Rolls-Royce teste actuellement son premier prototype d’Ultrafan[1], une architecture similaire aux moteurs actuels mais environ 30% plus large.
CFM a récemment dévoilé son concept d’Open-Fan (parfois aussi appelé Open-rotor), un moteur non caréné avec un potentiel supérieur dans la réduction des émissions[2].
Ces nouveaux concepts seront bien entendus compatibles avec l’utilisation de carburants alternatifs durables (SAF), en accord avec la règlementation du moment.
[1] Gregory Polek, ‘Rolls-Royce Starts Work on First UltraFan Engine’, Aviation International News https://lnkd.in/g_dtAH9 [accessed 28 June 2021].
[2] ‘Safran et General Electric vont développer le moteur de l’avion du futur’, Le Monde.fr, 15 June 2021 https://lnkd.in/gcQkXDD [accessed 28 June 2021].
Sustainable Aviation Fuel
Les carburants alternatifs durables d’aviation (ou SAF) permettent de réduire:
– de 80% le bilan carbone de l’aviation sur son cycle de vie,
– de 50 à 70% les traînées de condensation produites.
Contrairement aux biocarburants qui peuvent utiliser n’importe quelle matière première, les SAF se veulent réellement durables et ne doivent pas être en concurrence avec la nourriture (maïs, beterave, soja…) ni avec la nature (huile de palme…).
Ce sont donc des déchets végétaux (feuilles d’arbres, gazon coupé, algues échouées sur les plages…), alimentaires ou agricoles (huiles usagées, résidus de sucre…) qui sont utilisés.
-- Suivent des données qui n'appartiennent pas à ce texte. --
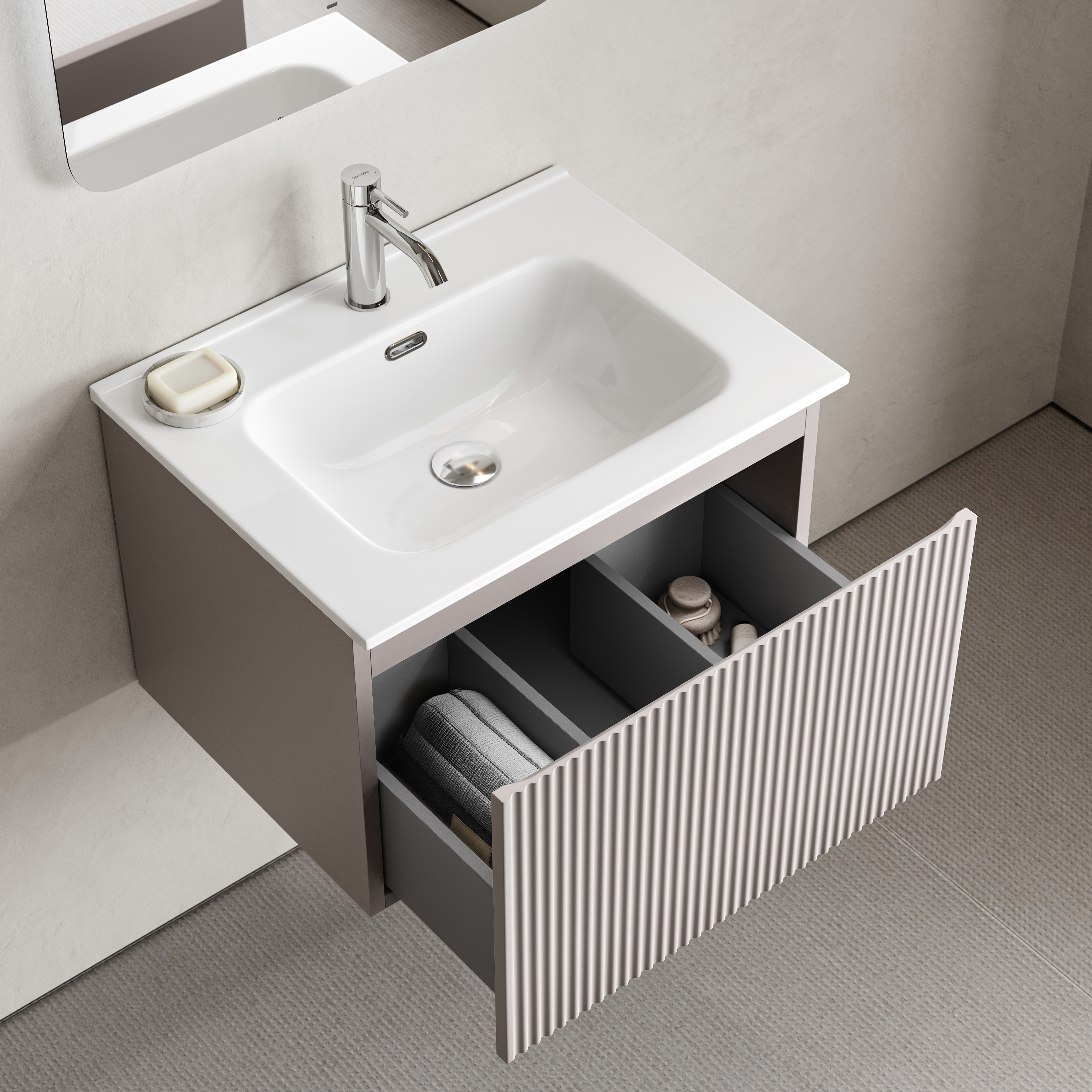 Тумба подвесная SANCOS Snob R 1.0 590х445х406, c одним ящиком оснащенным доводчиками скрытого монтажа с системой Soft close (плавного закрывания), Doha Soft , арт. SNR1.060SM
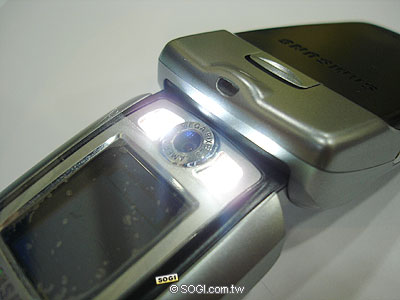 Samsung E720 內建 130 萬畫素相機,在鏡頭的兩側分別各置一個強力補光燈,對於捕捉陰暗畫面,更加明亮清晰,平常亦可充當臨時照明燈來使用。
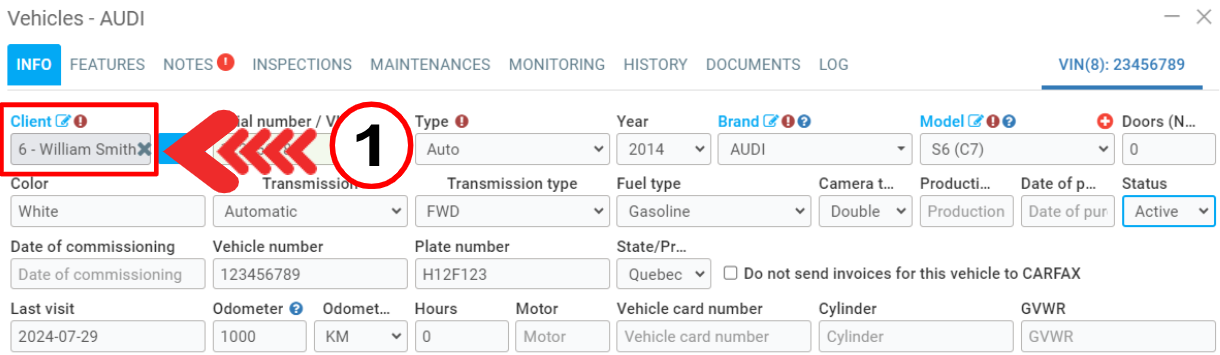 If a vehicle owner is changing, for example, after it was sold, the client associated with the vehicle needs to be changed in your GEM-CAR.
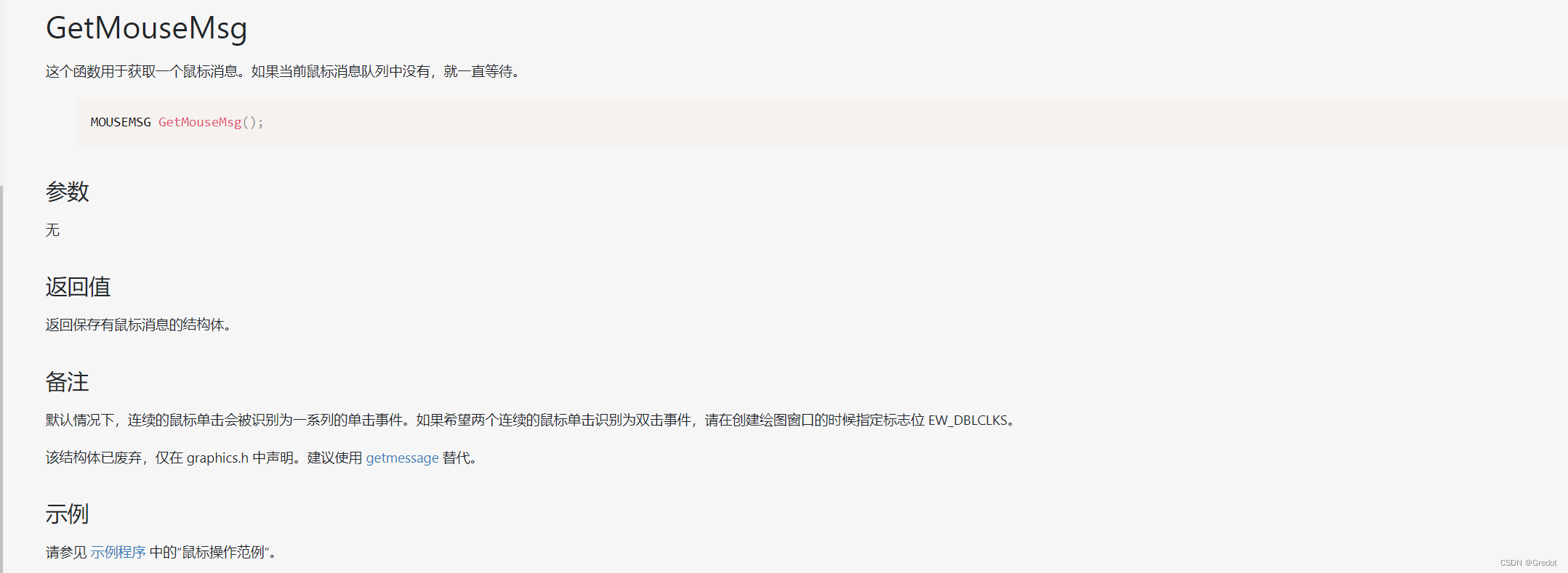 我们可以在EasyX的帮助文档对Easy X库中的函数学习,这里举个例子,后面不再赘述啦
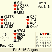 | Con | Dc | Res | Score | Ld | Pairs | Rd | Tbl |  | 3 N | E | -5 | 500 | T  | 04 - 04 | 1 | 4 |
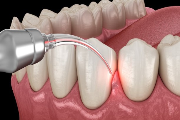 Removes excess or infected gum tissue to improve gum health.
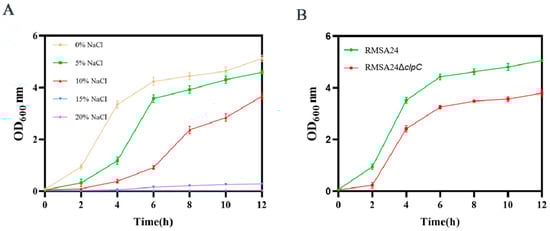 Exponential-phase cultures of WT RMSA24 and RMSA24ΔclpC were inoculated into TSB with different concentration NaCl (0%, 5%, 10%, 15%, and 20%) with an initial OD600 = 0.05 and incubated at 37 °C with shaking (200 rpm). OD600 was recorded every 2 h for 12 h in a microplate reader; three independent wells were measured at each time point [12].
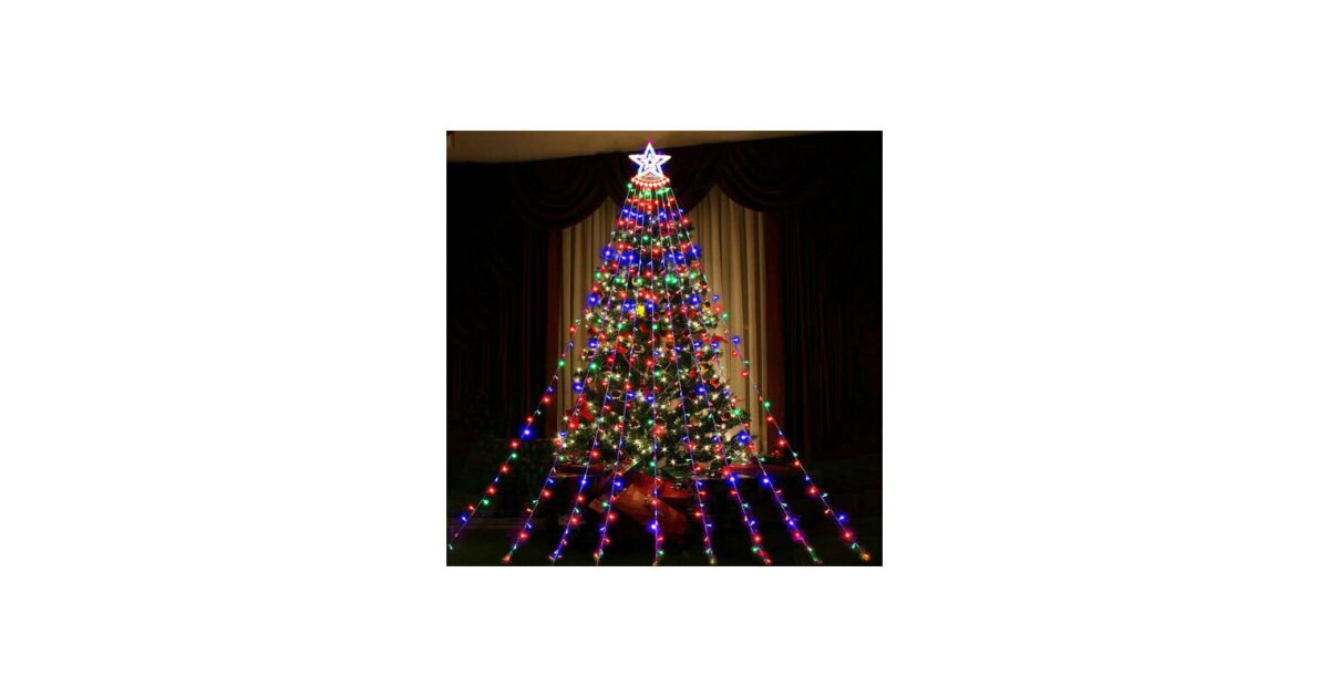Cu această ghirlandă luminoasă impresionantă de Crăciun, poți crea o atmosferă magică în casa ta. Cortina luminoasă, care pornește de la o stea de 30x30 cm și se ramifică în 9 fire, are o lungime de 270 cm și este echipată cu 360 de LED-uri colorate. Datorită designului tip cortină, creează efectul perfect de brad de Crăciun, chiar și atunci când este agățată singură.
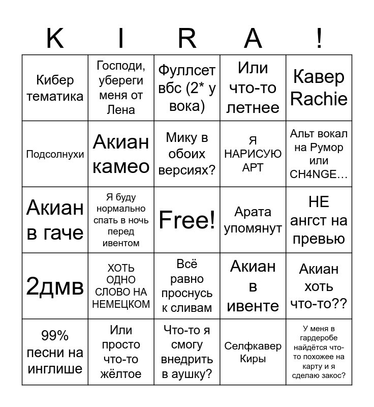 This bingo card has a free space and 24 words: 99% песни на инглише, ХОТЬ ОДНО СЛОВО НА НЕМЕЦКОМ, Мику в обоих версиях?, Селфкавер Киры, Кавер Rachie, Кибер тематика, Господи, убереги меня от Лена, Фуллсет вбс (2* у вока), Арата упомянут, НЕ ангст на превью, Акиан в гаче, Акиан камео, Акиан в ивенте, Акиан хоть что-то??, Подсолнухи, Или просто что-то жёлтое, Что-то я смогу внедрить в аушку?, Или что-то летнее, Альт вокал на Румор или CH4NGE…, 2дмв, Я буду нормально спать в ночь перед ивентом, Всё равно проснусь к сливам, Я НАРИСУЮ АРТ and У меня в гардеробе найдётся что-то похожее на карту и я сделаю закос?.
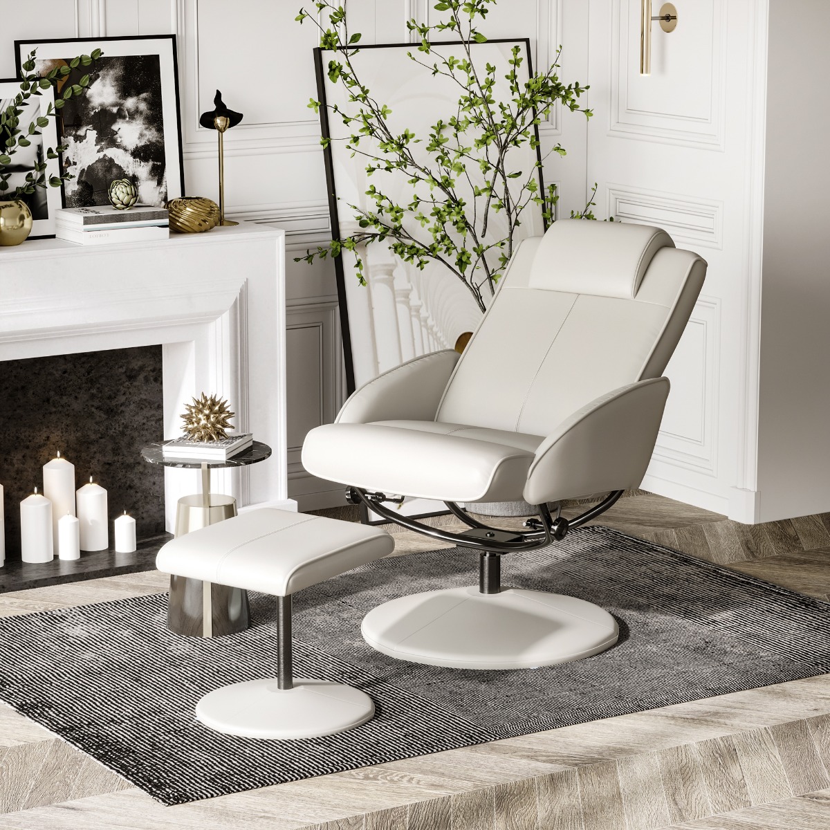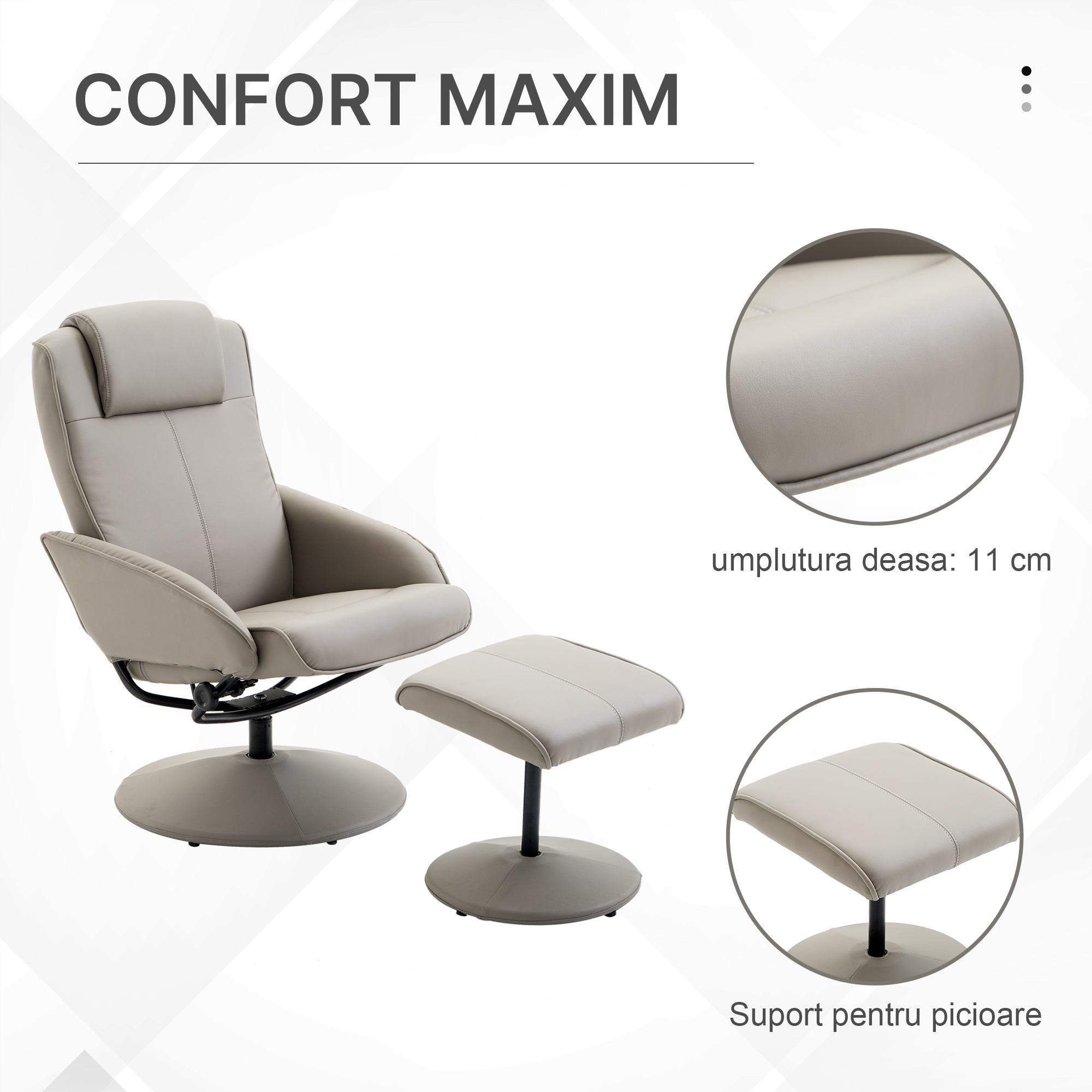 [BRAND NAME] fotoliu cu taburet, din piele sintetica, 98x78x67 cm, gri poate fi o piesa ideala de mobilier care iti completeaza perfect decorul si stilul din orice camera, in timp ce ai si un spatiu perfect de relaxare. Este realizat din materiale de calitate, din piele sintetica, lemn si burete, ce poate fi intretinuta foarte usor. Vine la pachet si cu un suport pentru picioare care iti asigura toate conditiile necesare de confort oricand vrei sa te relaxezi. [BRAND NAME] fotoliu cu taburet, din piele sintetica, 98x78x67 cm, gri se poate inclina pana la 145 de grade pentru a avea o pozitie care nu solicita spatele atat de mult. Timp in care poti intinde picioarele pe taburet. Este un fotoliu atat estetic, cat si functional. Poti opta pentru aceasta varianta chiar si pentru biroul de la munca, fiind confortabil in timp ce lucrezi si fotoliul ideal pentru minutele de pauza cand te poti intinde.
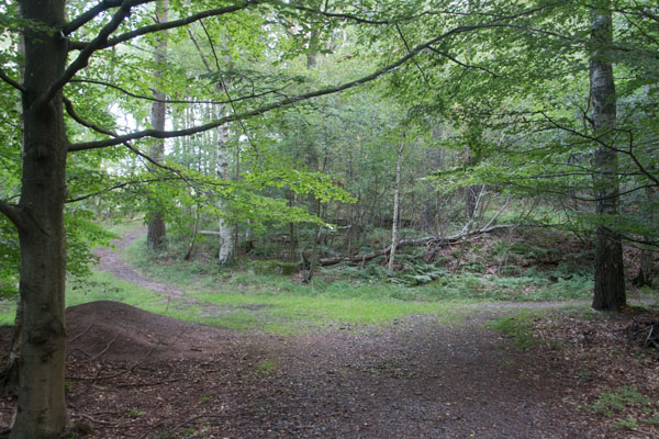 ”Till station 7. C:a 600 m. Vid Kolmaden tar Du avtagsvägen rakt västerut. Gå förbi golfbana 3:s hål, upp över bergsryggen och ner på andra sidan till golfbana 6 utslagsplats. Sväng vänster och följ vägen mellan bergväggen och ”skyddsnätet” runt kröken dyker golfbana 7:s hål upp. Tag här avtagsvägen åt höger (norr). Gå förbi golfbana 8:s utslagsplats. Om ett tag kommer Du fram till en korsning. 20 m ner till höger finns en bänk som lämpar sig utmärkt att läsa sagor på, exempelvis de på punkt 7 i häftet.” Idag stämmer beskrivningen inte riktigt överens med verkligheten, bänken är borta, men vägskälet finns kvar.
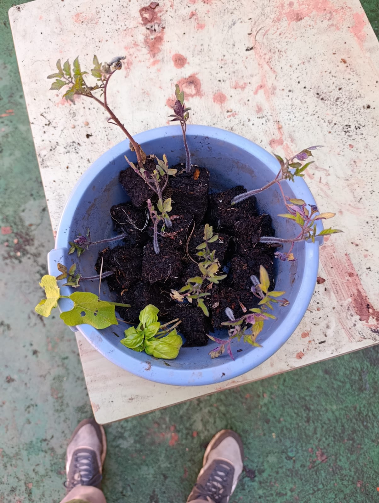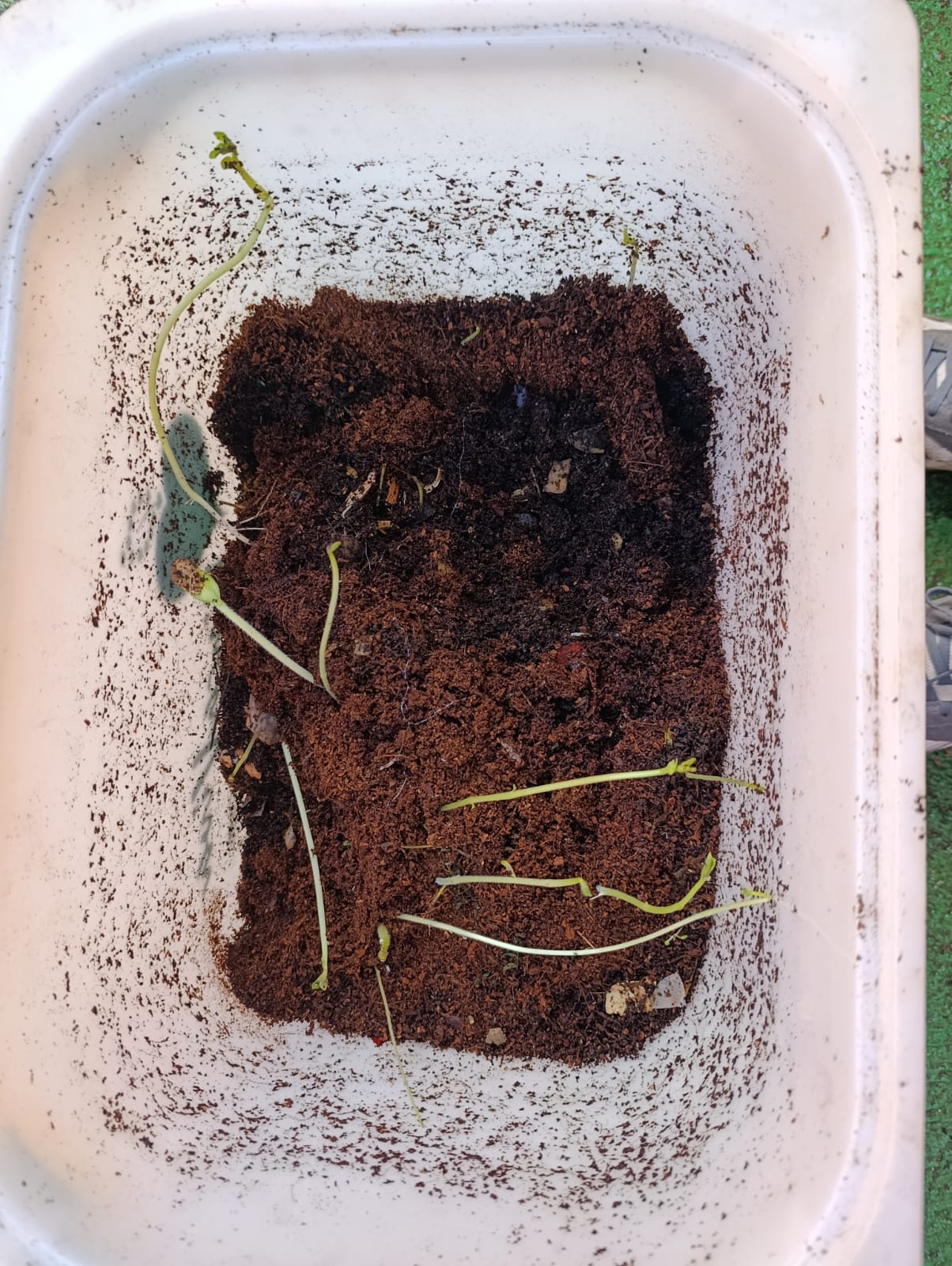 - Se observa cómo hasta las pieles de papa germina en la vermicompostera, sin embargo las plantas crecen elongadas y deformes por la falta de sol, se puede comprobar comparando con las plantas de papa sanas.
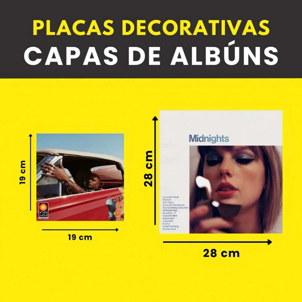 COMO COMPRAR? 1° Selecione o tamanho desejado 2° Adicione o produto ao carrinho 3° Após efetuar sua compra nos envie uma mensagem com o nome da capa do album que você deseja: Ex: Taylor Swift - The Tortured Poets Department Standard E pronto! Seu pedido será produzido. Em caso de dúvidas, entre em contato com o nosso canal de atendimento. Tamanhos: * 19x19cm; * 28x28cm. * Especificações e Avisos Importantes: - Antes de efetuar a compra, tire todas as duvidas pelo chat; - Atenção às medidas, imagem de capa meramente ilustrativa; - Estrutura em MDF 3mm de espessura; - Impressão em adesivo com qualidade fotográfica de alta resistência; - Laminação feita com vinil brilhoso aumentando a durabilidade; - Acabamento em bordas infinitas (continuas); - Placas para decoração INTERNA. Evitar contato direto com a luz solar e umidade; - Todos os quadros acompanham fita dupla face para fixação; * EM CASO DE QUADRO DANIFICADO OU COM DEFEITO. - Pedimos encarecidamente que antes de abrir reclamação no, nos contate pelo chat, pois a reclamação uma vez aberta prejudica e muito o vendedor, tentaremos resolver da melhor forma possível e rápida. Qualquer dúvida, estaremos sempre a sua disposição.

Les eFuels permettent pour le part de directement capter le CO2 atmosphérique avant de le mélanger avec de l’hydrogène, ils font également partie des SAF.
La mise en place des carburants alternatifs durables d’aviation est progressive (des discussions sont en cours pour atteindre 10% du carburant européen en 2030), et l’ensemble du kérosène pourrait à terme être du SAF.